-------- Provided information

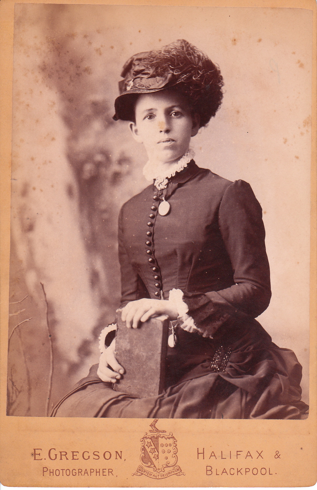 This cabinet card of a man and two women posing aboard a ship, was photographed by D. Mitchell of Blackpool, Great Britain. The photographer, whose studio was located near a pier in the seaside city of Blackpool, utilized a relevant nautical theme. The backdrop is fantastic and the hanging rope held by the gentleman, and the ropes in front of the ladies, are a “great touch”. This is an unusual and fine use of background scenery and props. The South Pier was originally named the Victoria Pier. The pier opened in 1893 and served vacation travelers to Blackpool. The subjects of this cabinet card image are likely tourists on holiday. Note the fantastic artwork on the reverse of the card. Wow! This portrait cabinet card has good clarity and is in very good condition (see scans).
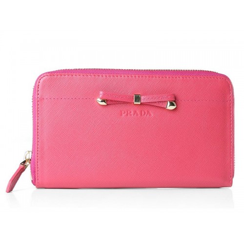 Cartera Prada Saffiano con cremallera y detalle de lazo en rosa intenso
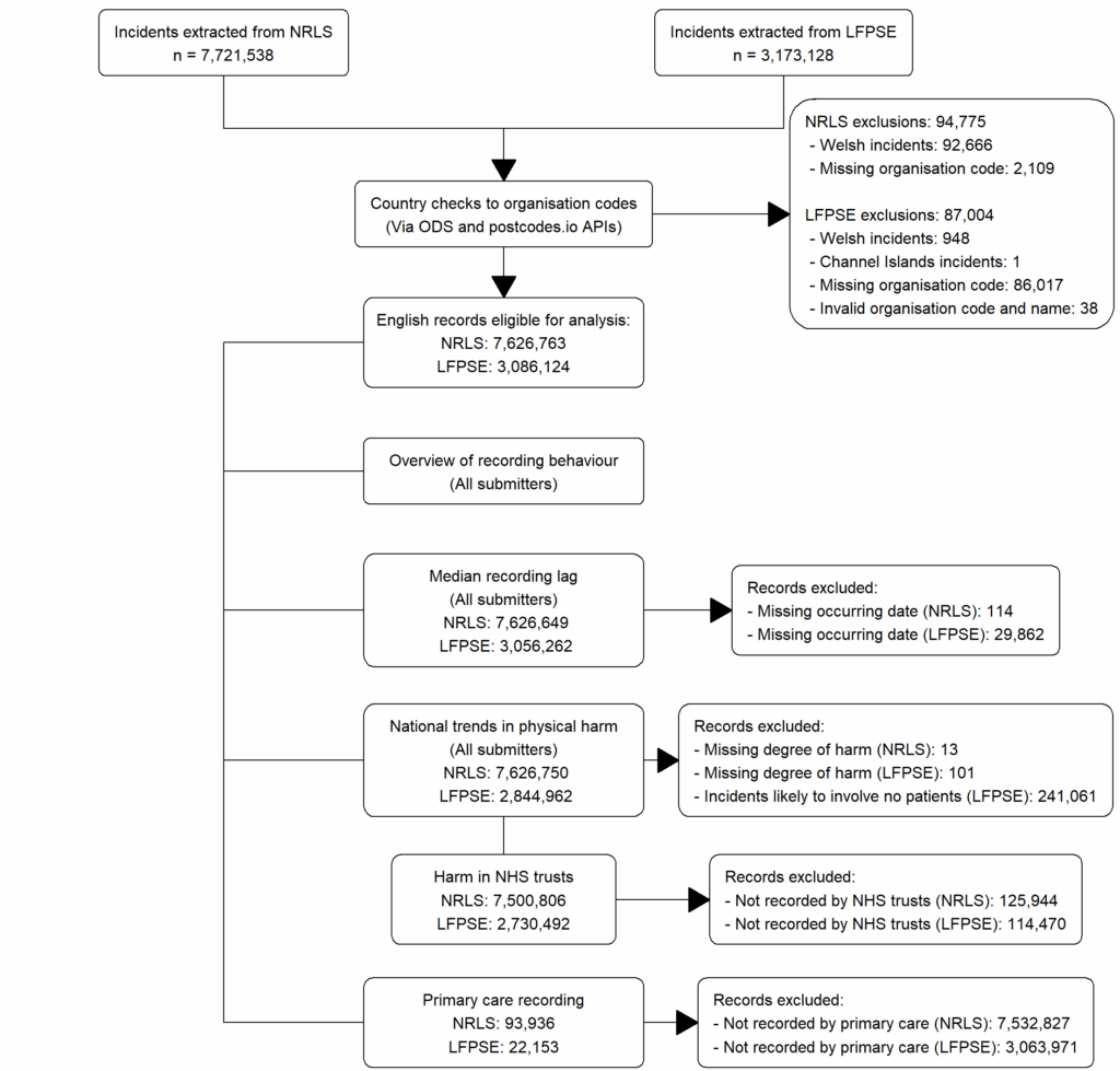 Additionally, we have removed incidents where the country of occurrence was unclear, either because no organisation code was attached to the incident, or because the code and name assigned did not allow inference of the country accurately. In NRLS, there were 2,109 incidents missing an organisation code, whereas in LFPSE there were 86,017 incidents missing both an occurring and a recording organisation code; this is a known data quality issue that we are working on resolving. Furthermore, 38 LFPSE incidents were excluded because it was not possible to determine in which country the incident occurred based on the code and name associated with the record. These exclusions comprised 1.2% of all NRLS and 2.7% of all LFPSE data recorded between January 2021 to December 2024.
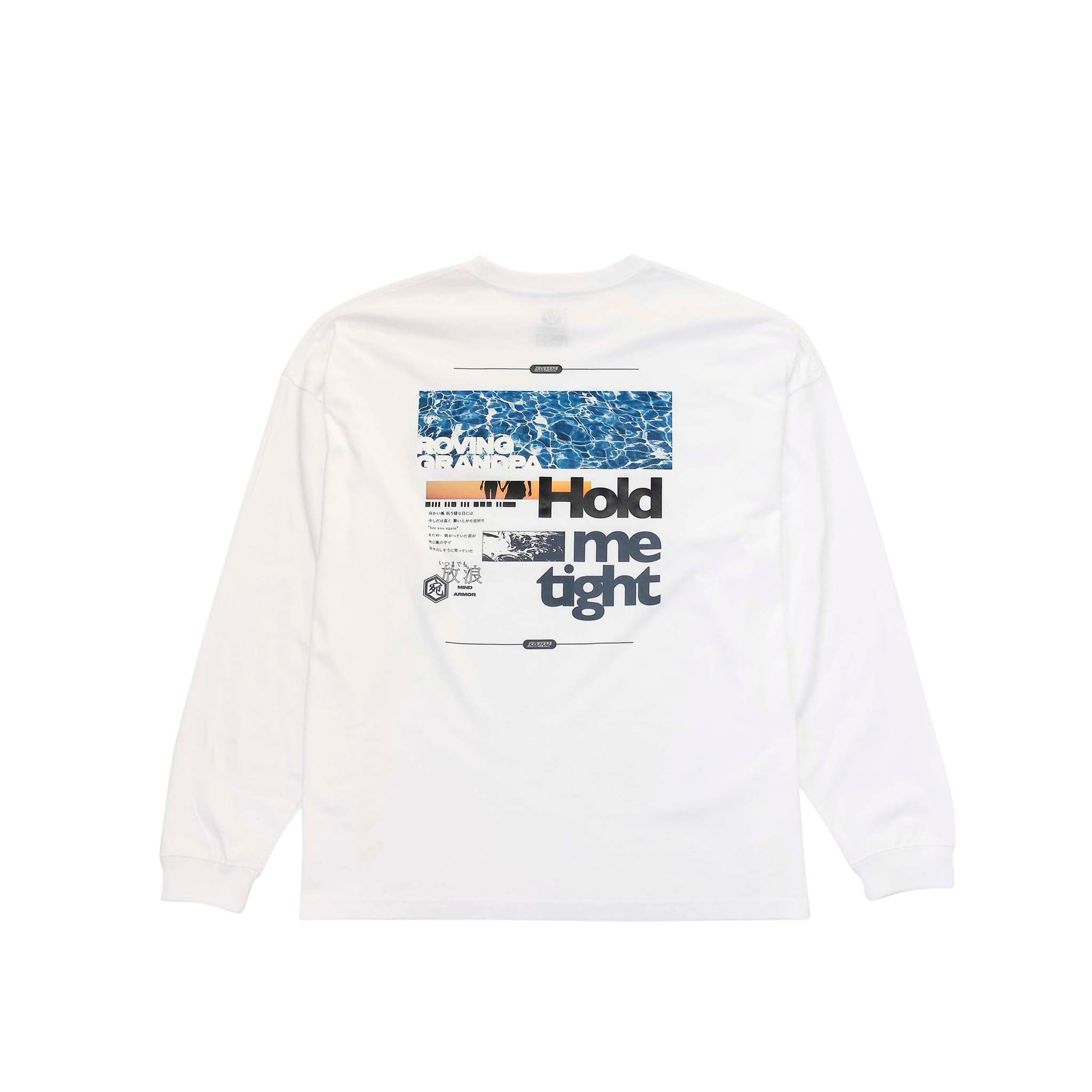 コラボ商品のタイトルでもある「Hold me tight Long Sleeve」はROVING GRANDPAの楽曲でもある「Hold me tight」からとられた。この楽曲は、SHABA・ROVING GRANDPAでギターを掛け持つアーサーの存在で両バンドの不仲説が挙がっていた頃、SHABAのVo.である航佑が「この曲好っきゃねんなぁ」と話しかけ、全くもって不仲ではなかったことが実証された思い出の楽曲でもある。「Hold me tight 阿保うみたいに愛せたモノだけ抱きしめていたい」そんな想い/想い出のこもった武装服をSANAGARAから。好きと感じるもの、愛せたもの。そう感じることができる感情とそれそのものをぎゅっと抱きしめて、離さないように。
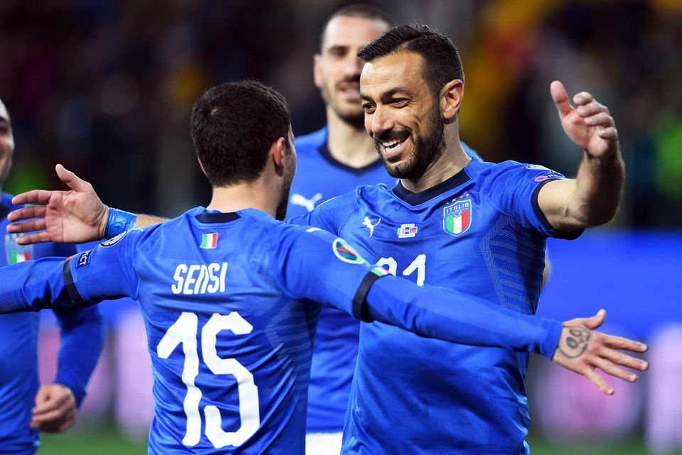 Aj Taliansko zvládlo na úvod dve papierovo ľahké prekážky. S Fínskom si poradilo 2:0 a z Parmy vyprevadilo Lichtenštajnsko s debaklom 6:0. Dvakrát sa v drese "squadry azzurra" strelecky presadil 36-ročný veterán a aktuálne najlepší kanonier najvyššej talianskej súťaže Fabio Quagliarella. Svojimi zásahmi sa stal najstarším strelcom v histórii talianskej reprezentácie.
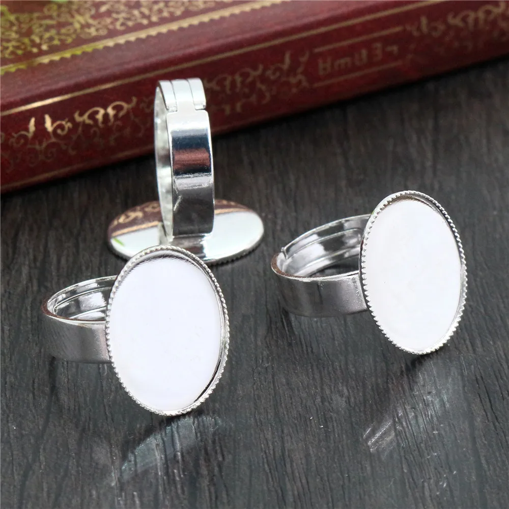 13x18mm 10pcs Bright Silver Plated Color Brass Oval Adjustable Ring Settings Blank/Base, Fit 13x18mm Glass Cabochons K6-07
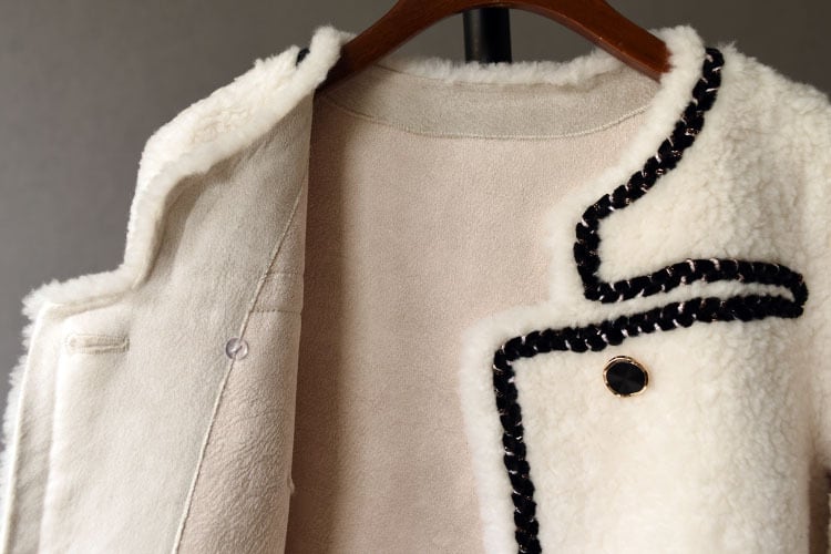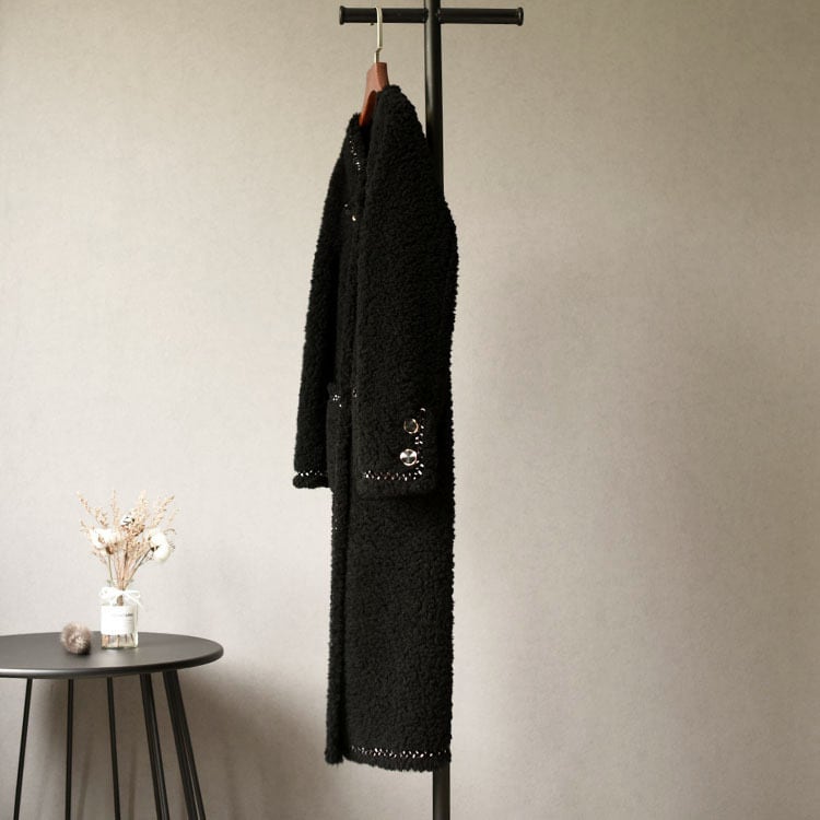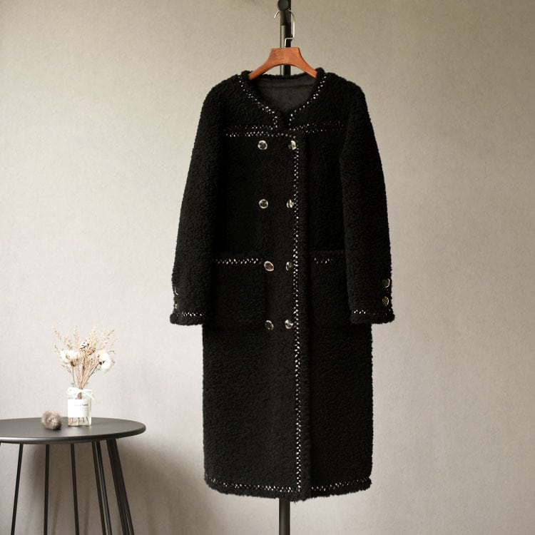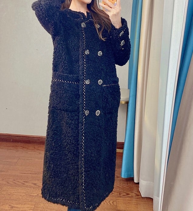 羽織るだけでフェミニンな雰囲気が漂うカラーレスエレガントダブルブレストロングボアコート。
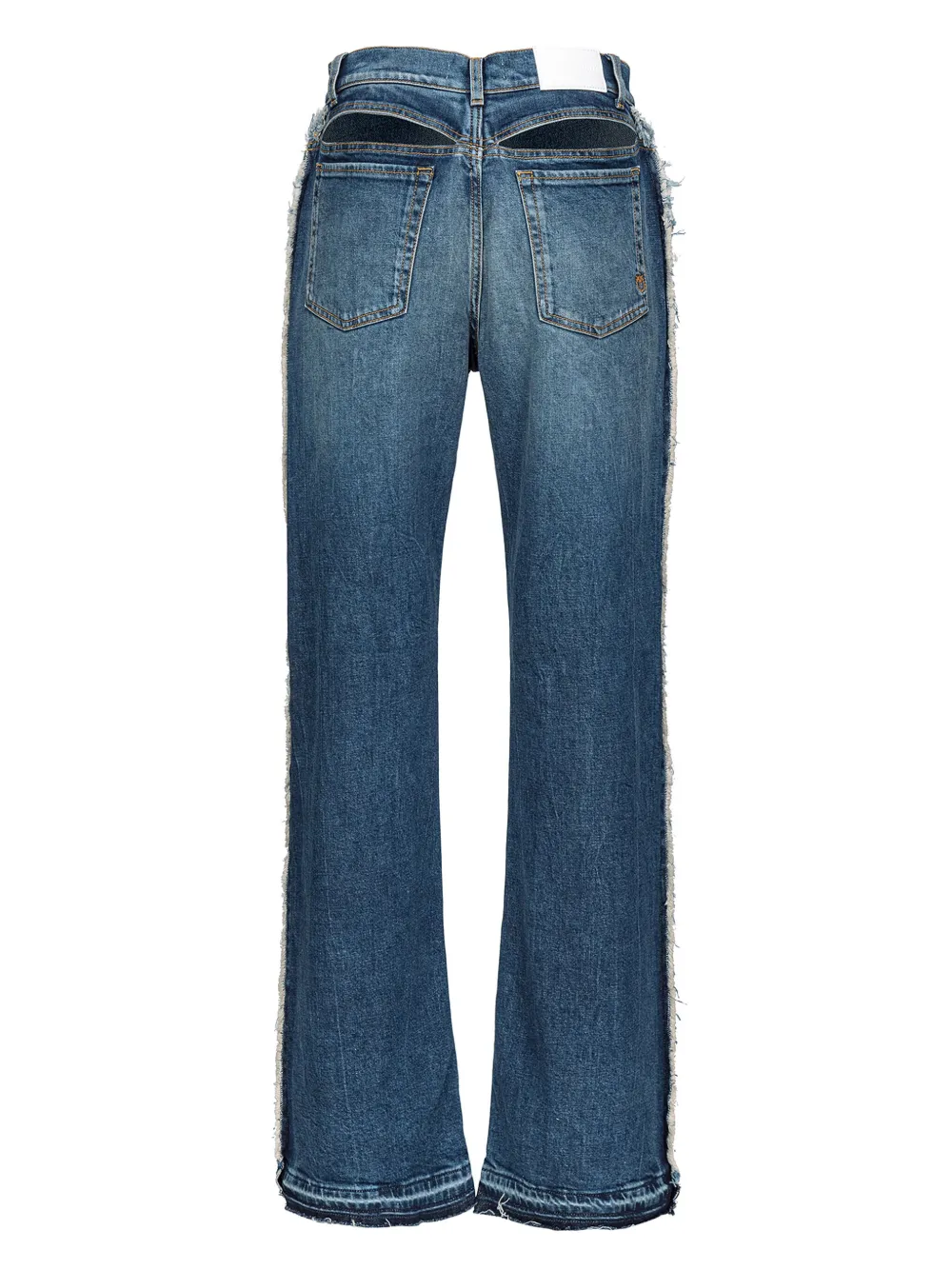 Эффект потертости, нашивка с логотипом сзади, вышитый логотип сзади, вырезные детали, необработанные детали, застежка на молнии и пуговице спереди, пять карманов и необработанный подол.

----------------

(Problem to work on) The lines to copy begin with the one containing "13x18mm 10pcs Bright" and end with the last line of the entries above; copy them exactly, minus the pictures.

(Answer to this task)
 13x18mm 10pcs Bright Silver Plated Color Brass Oval Adjustable Ring Settings Blank/Base, Fit 13x18mm Glass Cabochons K6-07
 羽織るだけでフェミニンな雰囲気が漂うカラーレスエレガントダブルブレストロングボアコート。
 Эффект потертости, нашивка с логотипом сзади, вышитый логотип сзади, вырезные детали, необработанные детали, застежка на молнии и пуговице спереди, пять карманов и необработанный подол.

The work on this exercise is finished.